Некоторые черты номадизма характеризовали и набоковское поведение, а именно его солиптическую посторонность (аутсайдерство – оставаться вне партий, политики, групп и клубов[95]
), отраженное и в подчеркнутом индивидуализме его героев, и в его уникальности в художественном плане. Ускользание от систем и противостояние категориям – общая отличительная черта многих набоковских фигур. Нехожеными тропинкам сам автор добирается до собственного романного голоса, насыщенных визуально-словесных структур и тропов.Номадизм Набокова отмечается и биографическими фактами. Стремление к непроходимым местам с детства захватило воображение Набокова, который в семейных имениях отправлялся в походы к дальнему болоту, названному Америкой, и в тайные ночные экскурсии, в одинокие походы за бабочками ранним утром (об этих приключениях дается отчет в мемуарах «Speak, Memory»). Европейские семейные поездки детских лет прихотью истории перелились в процесс, а затем в состояние эмиграции, где все имения и имущество, оставленные дома, превратились в нечто виртуальное и имагинарное: «intangible property, unreal estate» [Nabokov 1989a: 40]. Четырежды менявший страну жительства, а место жительства – несчетное число, Набоков почти никогда не имел недвижимости (редким исключением был участок под Берлином и домик в США, оба ненадолго). Потеря родного дома, имений и родины вообще, переселение между квартирами, городами и континентами, охота за бабочками в горах и по пустыням мира, охота за заработком по университетам – все это располагало его к тому, чтобы выработать особое отношение к чередованию мест и предметному миру. К перемене и разнообразию времени же он приобщился через культуру, в усвоенной в раннем детстве страсти к чтению.

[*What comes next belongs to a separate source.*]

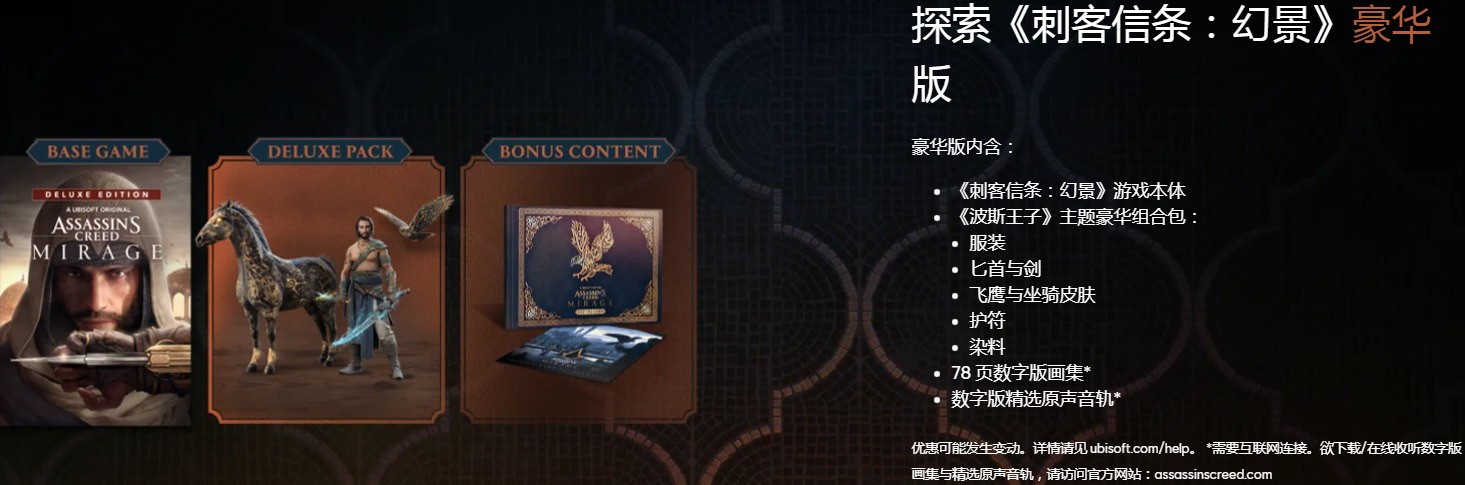 《刺客信条:幻景》豪华版售价298元,豪华版包含游戏本体,《波斯王子》主题豪华组合包:服装,匕首与剑,飞鹰与坐骑皮肤,护符,染料。78 页数字版画集,数字版精选原声音轨。
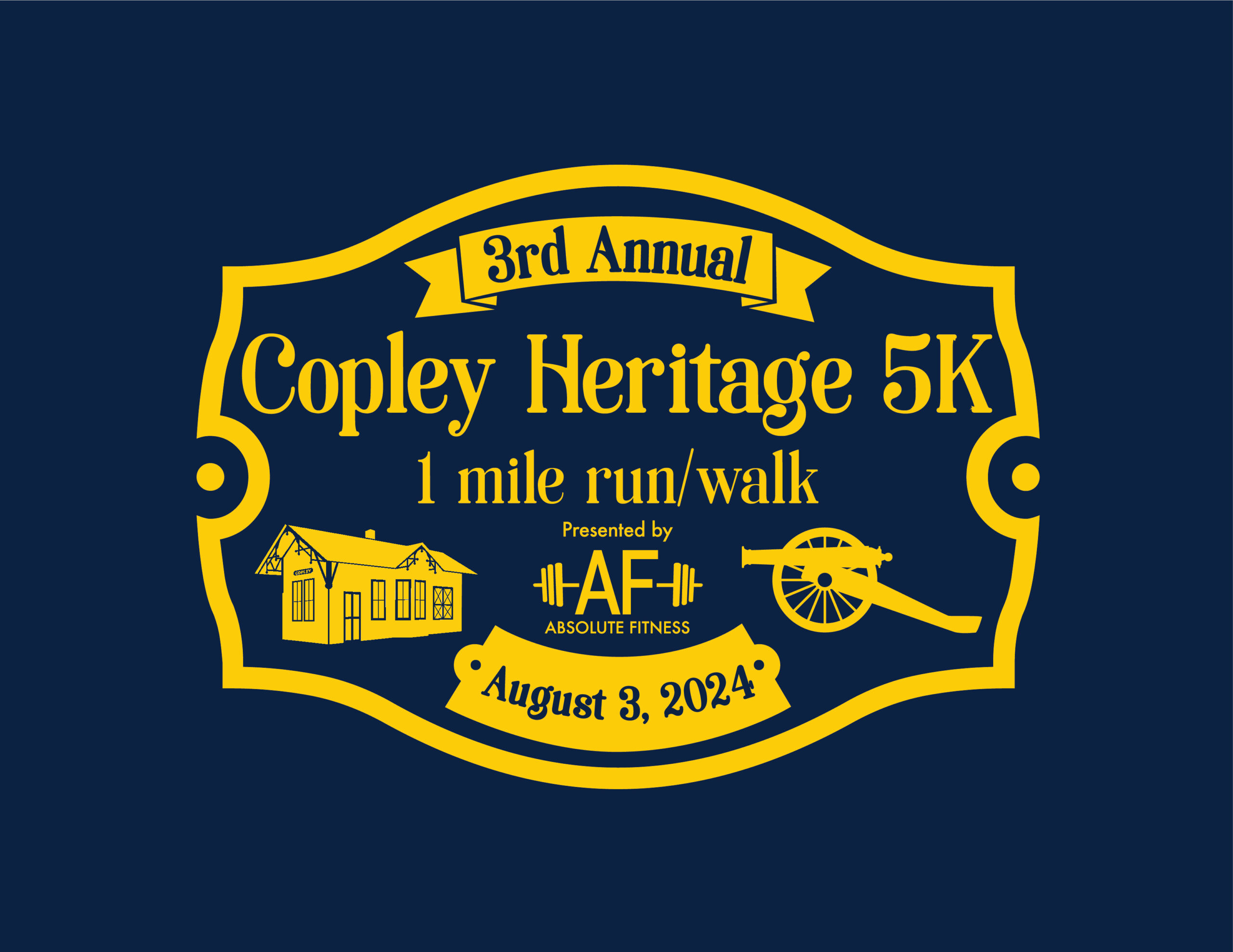 Come run or walk the 4th annual Heritage 5k! Copley Township celebrates the founding of our Township every year with a day of celebration. This year we are excited to continue the Copley Heritage 5k which winds through the streets of Copley Township. Run or walk, all proceeds benefit Copley Outreach Center.

Особой формой социального номадизма можно рассматривать англофильство семьи, проявившееся уже в личности Владимира Дмитриевича Набокова: в его стремлении к аристократизму мысли и либеральным политическим взглядам, в противостоянии деспотизму с позиций морали; в самоидентификации и поведении, в его склонности к дендизму (см. главу «Liber libidonis, ad liberiora…»). Происхождение (европейская родословная) и воспитание Набокова одинаково располагали его к космополитизму. Философия пути и перемещения Набокова-эмигранта взаимосвязаны с его концепцией жизненного пути, который проходят и его герои-космополиты, склонные к бродяжничеству и внезапной перемене мест, включая многочисленные нереальные местности, порожденные фантазией.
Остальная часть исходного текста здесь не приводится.